Mondialisation de la communication : processus d’intégration et d’interconnexion croissante des médias, des organisations et des flux d’informations à l’échelle mondiale, favorisant une circulation accélérée des idées, des cultures et des influences. (Mattelart, 2009)
Unipolarisation/multipolarisation du Monde : configuration du système international où un seul pôle dominant (unipolarisation) ou plusieurs pôles équilibrés ou concurrents (multipolarisation) s’affrontent pour l’hégémonie mondiale. La mondialisation de la communication participe à ces dynamiques en renforçant ou en remettant en question ces pôles. (El Bourkadi, 2025)
Montée des nationalismes et remise en question de la mondialisation : tendance à renforcer l’affirmation des identités nationales, souvent en réaction à la mondialisation perçue comme déstabilisant les souverainetés ou homogénéisant les cultures, ce qui peut conduire à une critique ou à un recul de la mondialisation. (El Bourkadi, 2025)
Ordre mondial et logique darwiniste : conception selon laquelle le système international fonctionne selon une loi de la sélection et de la survie du plus apte, où chaque État cherche à maximiser son pouvoir et sa sécurité dans un environnement compétitif, influencé par une vision évolutionniste. La mondialisation de la communication y contribue en façonnant la hiérarchie des puissances. (El Bourkadi, 2025)
Niveaux d’analyse de la communication (micro, méso, macro) : cadre d’étude permettant d’observer la communication à différents niveaux : micro (individus, acteurs), méso (organisations, réseaux), macro (systèmes, structures globales). La mondialisation de la communication agit à tous ces niveaux, influençant les relations et les dynamiques internationales. (El Bourkadi, 2025)
Relations entre organisations et États : interactions complexes où les organisations (entreprises, ONG, médias) et les États collaborent ou s’opposent dans un contexte mondialisé, influençant la gouvernance, la sécurité et la circulation de l’information. La mondialisation de la communication renforce ces liens en multipliant les canaux et les enjeux. (El Bourkadi, 2025)

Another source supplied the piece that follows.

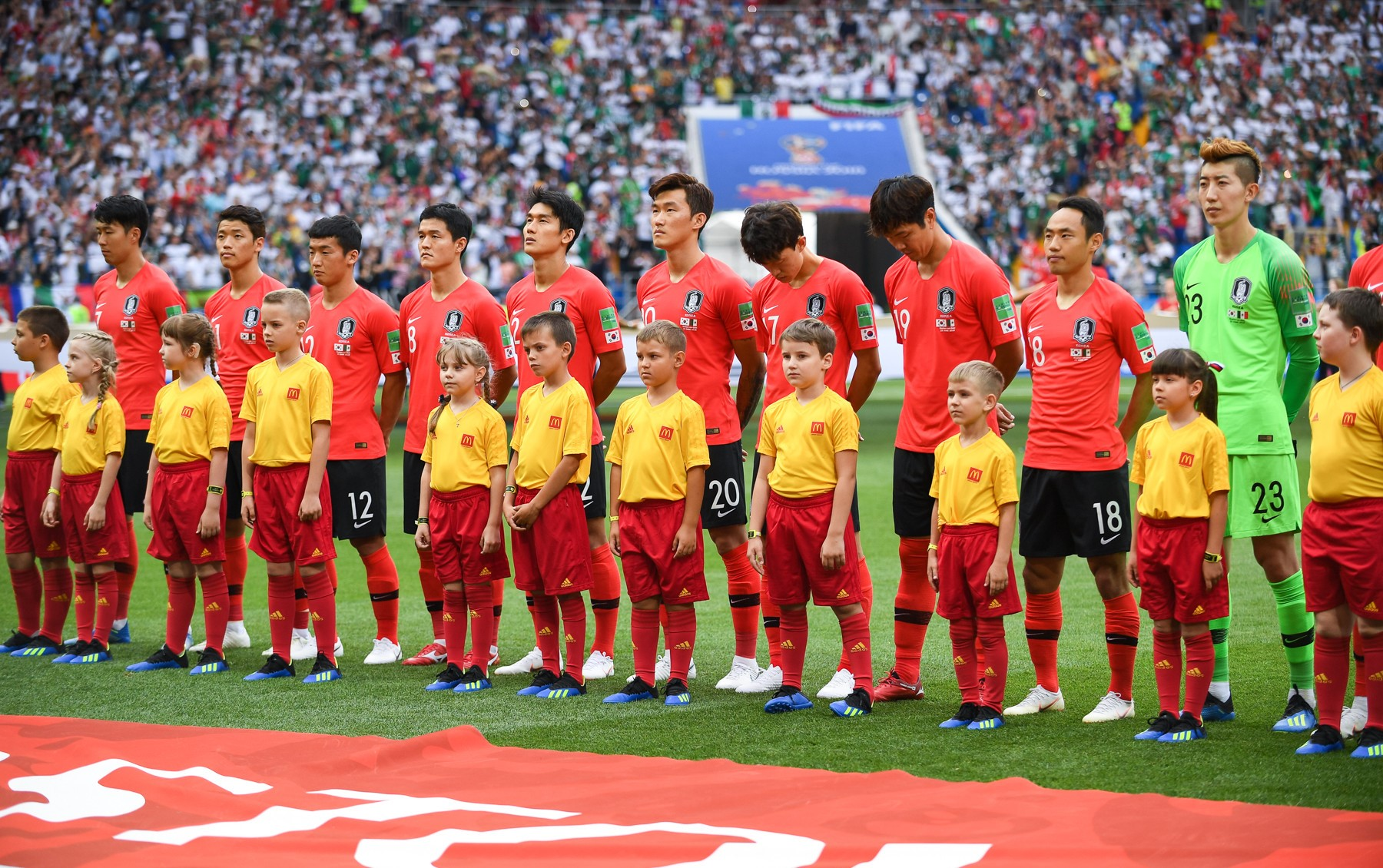 Mexico and South Korea match at the FIFA World Cup 2018-06-23

La mondialisation de la communication restructure l’ordre mondial en renforçant l’interdépendance tout en alimentant les tensions entre unipolarisation et multipolarisation, dans un contexte où les acteurs locaux, organisationnels et étatiques sont profondément liés.
Les Lumières : Mouvement intellectuel du XVIIIe siècle, caractérisé par la valorisation de la raison, de la science et de la tolérance, avec des figures comme Voltaire, Rousseau et Diderot, qui ont prôné l’universalisme et la liberté de pensée, influençant la conception moderne de la mondialisation (voir sources).
Révolution industrielle : Transformation économique majeure du XVIIIe au XIXe siècle, passant d’une économie agricole à une économie basée sur l’industrie, avec l’introduction du Taylorisme, qui divise le travail pour accroître l’efficacité, et favorise la croissance des réseaux de transport et de communication (ex : chemin de fer, télégraphe).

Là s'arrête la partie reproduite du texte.